今日の個所は、旧約の「ノアの箱舟」について言及されている。世界のすべてが水に浸かり、拭い去られたという物語である。この手紙の2章の冒頭には、「生まれたばかりの乳飲み子のように」という言葉が見られる。胎児は母親のお腹の中で、羊水に浸って、水の中で成長して行く。だから本来、私たちはひとり残らず水泳の能力を持って生まれて来る。事実、出生後すぐの嬰児は、温かい水に浸すと、大きく手足を伸ばし、安心し寛ぐのである。プールに浮かべれば、手足を拡げて泳ごうとするのである。人はこの「母なる海」から引き出されて、外の世界へと生まれ出る。誕生は「水の中を通って」はじまる出来事なのである。「水」は本来、自分自身の生命の故郷、出身地なのである。

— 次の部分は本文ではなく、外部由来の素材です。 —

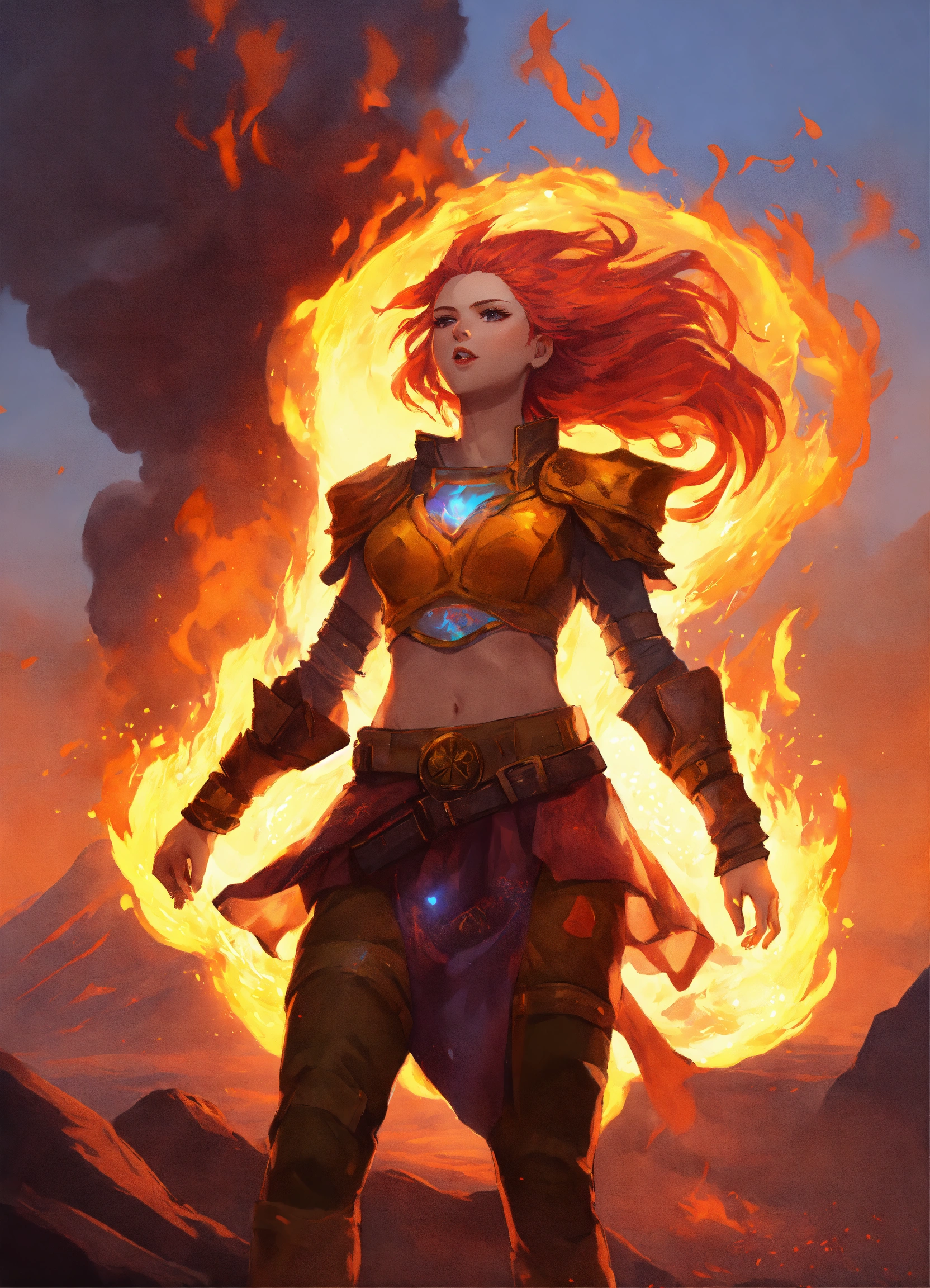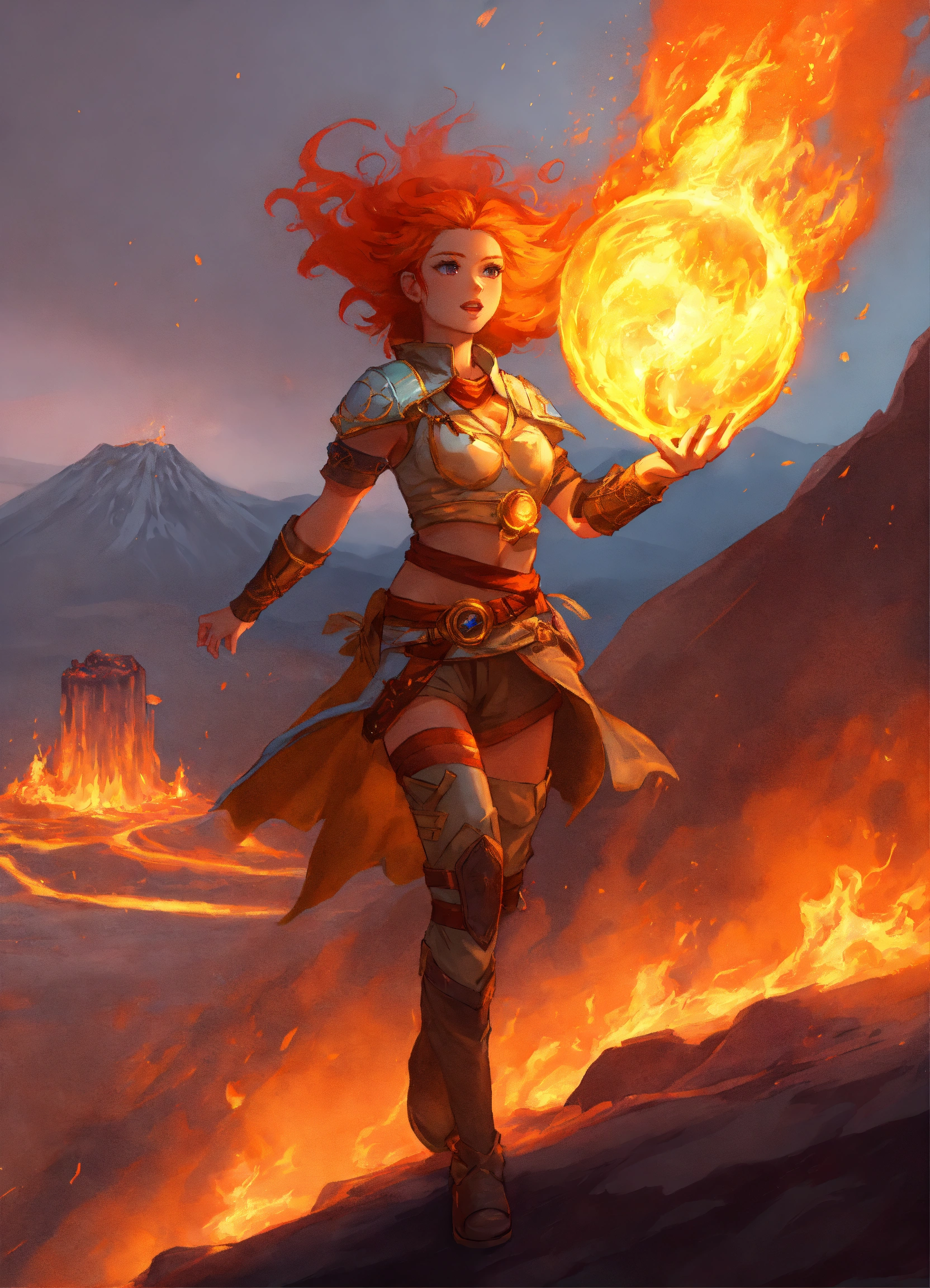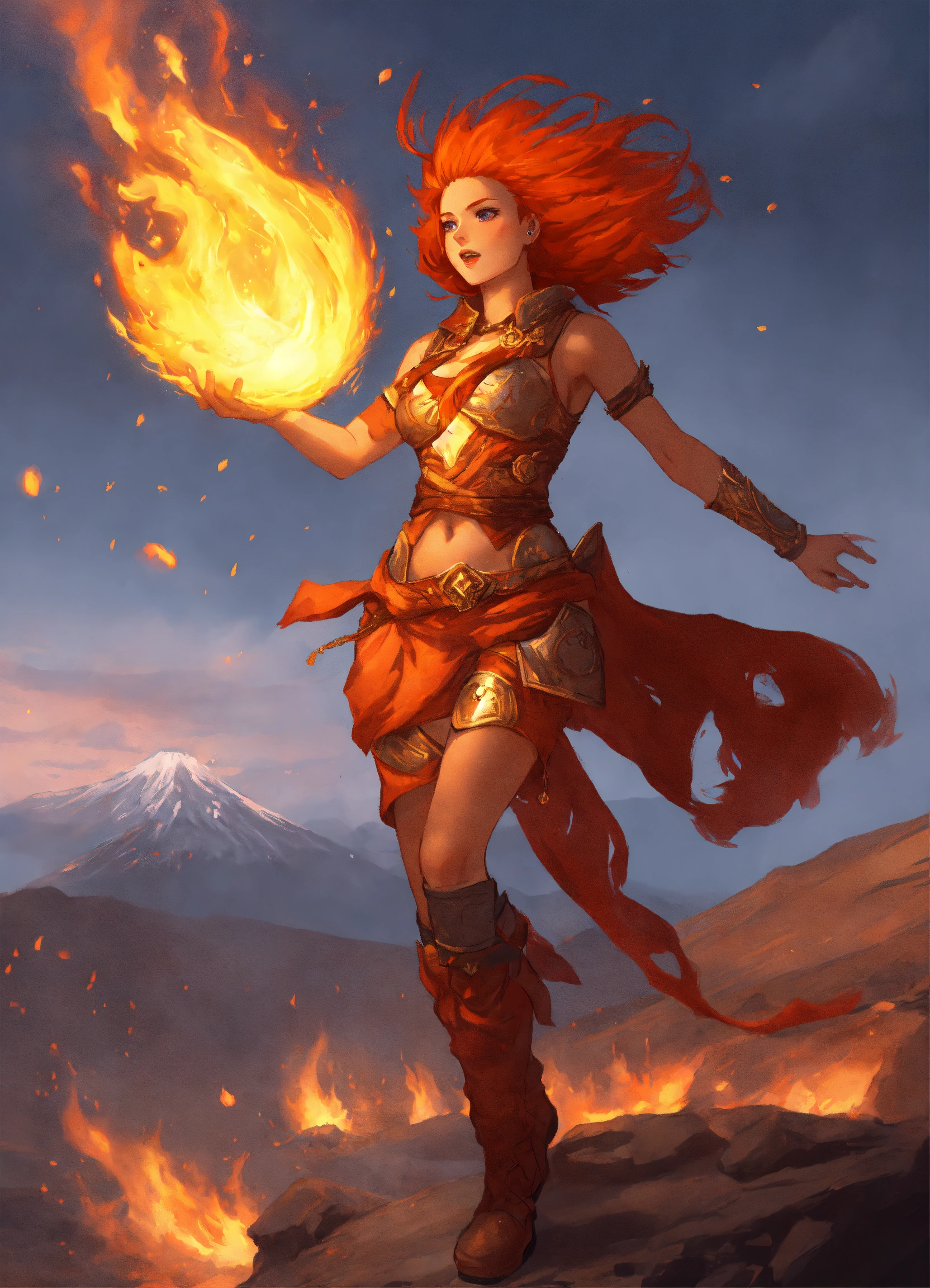 Short small female halfbreed elemental efreet with pale skin and flaming hair throwing a fireball standing on a volcano character art pathfinder

しかし皆、水の中を通って生まれた経験があるのに、いわゆる「カナヅチ」の人がいるのは、水に対する「恐怖心」のせいであると説明される。温かく常に守られていた、かつての「母なる海」と比べるなら、実際、外の世界はあまりに非情、冷酷で、うすら寒い場所かもしれない。「四方から恐れが取り囲む」と言っても過言ではないだろう。

やはり人間は例外なしに、生きる時に、「怖れ」を感じて生きるように、できているらしい。「怖れ」は与えられた生命を守ろうとする、先天的な反応なのであろう。だから「怖れ」

をただ否定的に捉えて、その克服ばかりを考えるのも、無意味であろう。聖書は「神をおそれることが知恵の初め」と語り、おそれの念を肯定すると同時に、何に対しておそれるべきか、を問うのである。この世界には確かに不条理があり、生きる時に非情な事柄に遭遇し呻くのである。ちょうど、「ノアの箱舟」の物語で語られるように、ともすれば恐怖に飲み込まれるように感じられる。

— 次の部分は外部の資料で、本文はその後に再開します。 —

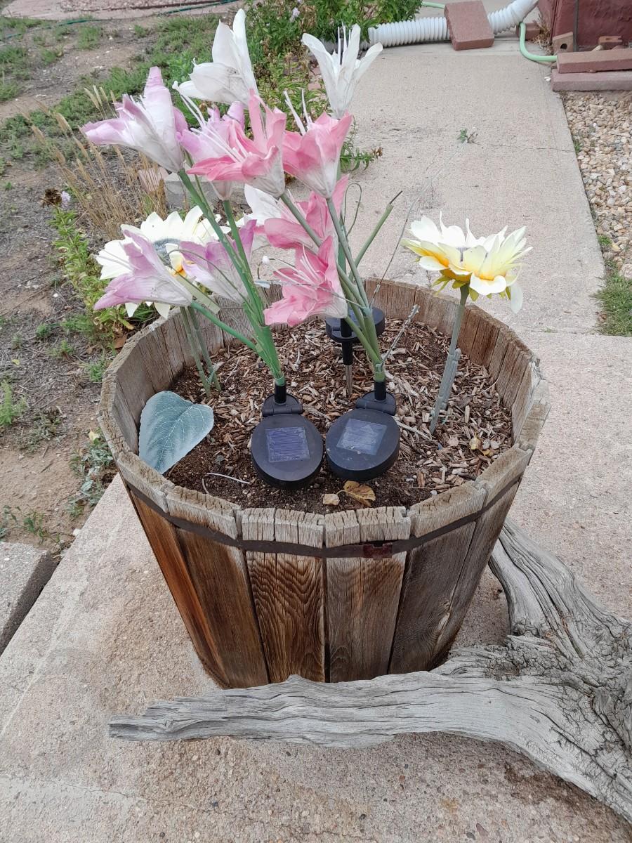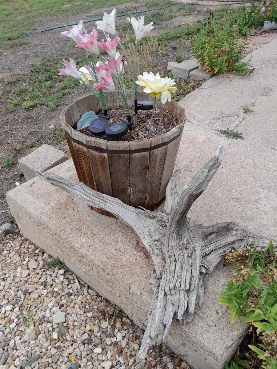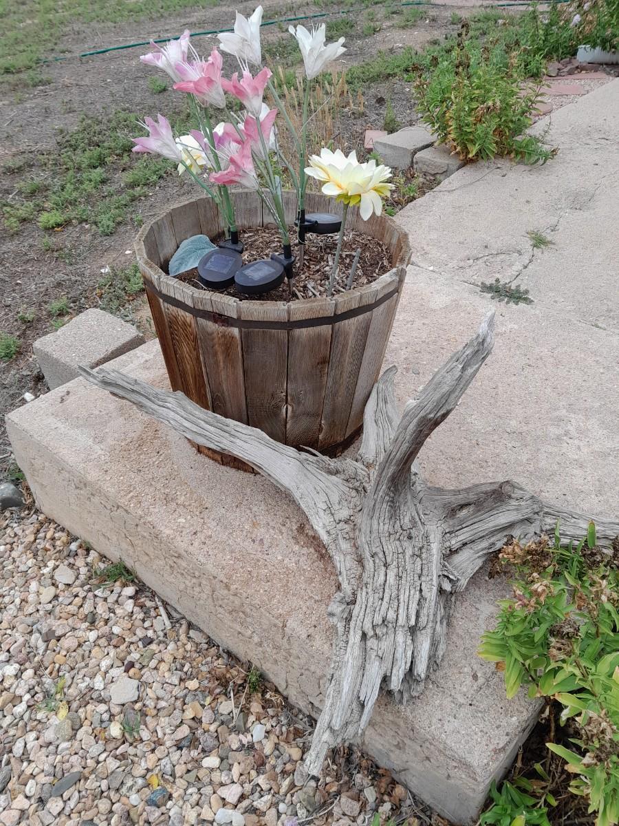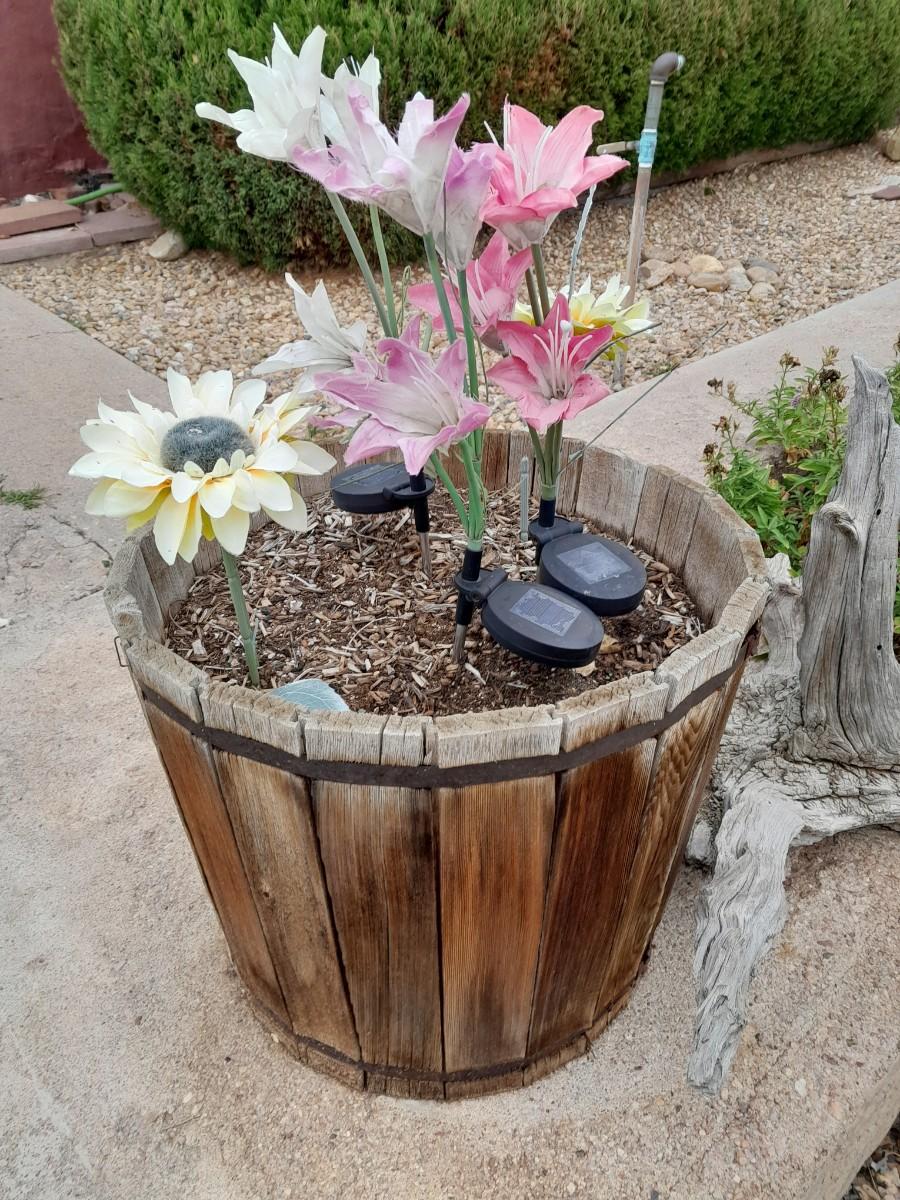 SMALL WOODEN FLOWERPOT BARREL 16" X 19", SOLAR FLORAL STAKES, AND LANSDCAPE STUMP

しかし、主イエスはまさにそのようなこの世に降られ、乙女マリアより生まれ、人間として生きられた方なのである。主イエスは、自ら、水に入りバプテスマを受けられたが、、それは私たち一人ひとりと徹頭徹尾共にあろうとされたしるしである。十字架で死んで、よみがえられた方が、私たちと常につながっていてくださるということを置いて、「水から上がった」私たちを慰め、励ますものは他にないであろう。主が共にある限り、「カナヅチ」でも、安心して生きられるのである。